Motivation: The Variant Call Format (VCF) is widely used in genome sequencing but scales poorly. For instance, we estimate a 150 000 genome VCF would occupy 900 TiB, making it costly and complicated to produce, analyze, and store. The issue stems from VCF's requirement to densely represent both reference-genotypes and allele-indexed arrays. These requirements lead to unnecessary data duplication and, ultimately, very large files.
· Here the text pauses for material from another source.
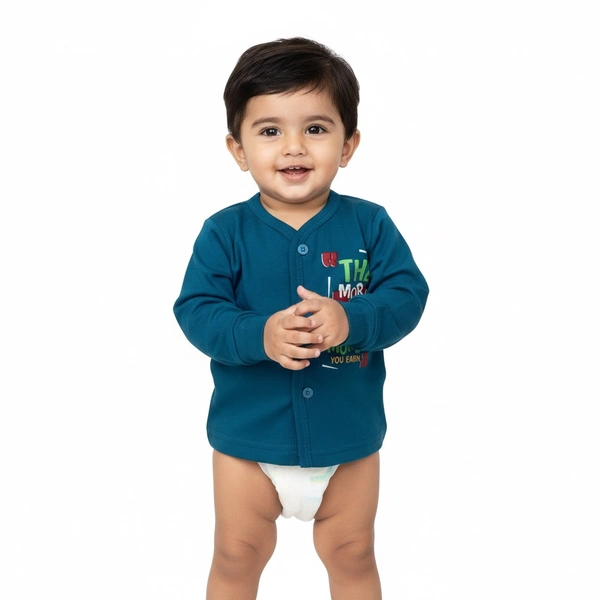 • Garment Type: A cozy, long-sleeved button-front top (like a lightweight cardigan or jacket) designed for an infant or young child.

Results: To address these challenges, we introduce the Scalable Variant Call Representation (SVCR). This representation reduces file sizes by ensuring they scale linearly with samples. SVCR's linear scaling relies on two techniques, both necessary for linearity: local allele indices and reference blocks, which were first introduced by the Genomic Variant Call Format. SVCR is also lossless and mergeable, allowing for N + 1 and N + K incremental joint-calling. We present two implementations of SVCR: SVCR-VCF, which encodes SVCR in VCF format, and VDS, which uses Hail's native format. Our experiments confirm the linear scalability of SVCR-VCF and VDS, in contrast to the super-linear growth seen with standard VCF files. We also discuss the VDS Combiner, a scalable, open-source tool for producing a VDS from GVCFs and unique features of VDS which enable rapid data analysis. SVCR, and VDS in particular, ensure the scientific community can generate, analyze, and disseminate genetics datasets with millions of samples.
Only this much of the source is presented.